The loss on training data.

Type

float

References

• Junxian Zhu, Canhong Wen, Jin Zhu, Heping Zhang, and Xueqin Wang. A polynomial algorithm for best-subset selection problem. Proceedings of the National Academy of Sciences, 117(52):33117-33123, 2020.

Examples

>>> ### Sparsity known
>>>
>>> from abess.decomposition import RobustPCA
>>> import numpy as np
>>> np.random.seed(12345)
>>> model = RobustPCA(support_size = 10)
>>>
>>> ### X known
>>> X = np.random.randn(100, 50)
>>> model.fit(X, r = 10)
RobustPCA(always_select=[], support_size=10)
>>> print(model.coef_)
[[0.         0.         0.         ... 0.         3.71203604 0.        ]
[0.         0.         0.         ... 0.         0.         0.        ]
[0.         0.         0.         ... 0.         0.         0.        ]
...
[0.         0.         0.         ... 0.         0.         0.        ]
[0.         0.         0.         ... 0.         0.         0.        ]
[0.         0.         0.         ... 0.         0.         0.        ]]

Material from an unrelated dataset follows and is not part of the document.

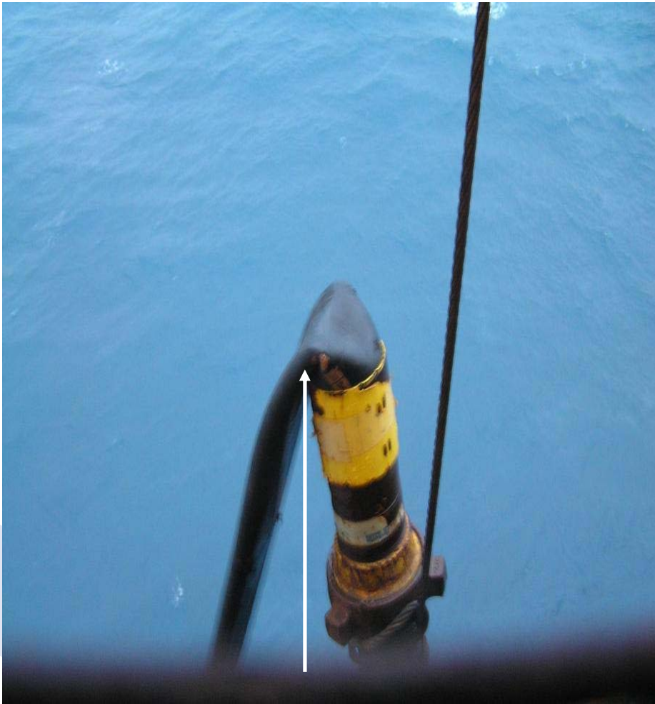
Attachment to Hose Accelerating Wear

fit(X, y=None, r=None, group=None, A_init=None)[source]

The fit function is used to transfer the information of data and return the fit result.

Parameters
• X (array-like, shape(n_samples, p_features)) -- Training data.

• y (ignore) -- Ignore.

• r (int) -- Rank of the (recovered) information matrix L. It should be smaller than rank of X (at least smaller than X.shape[1]).

• group (int, optional, default=np.ones(p)) -- The group index for each variable.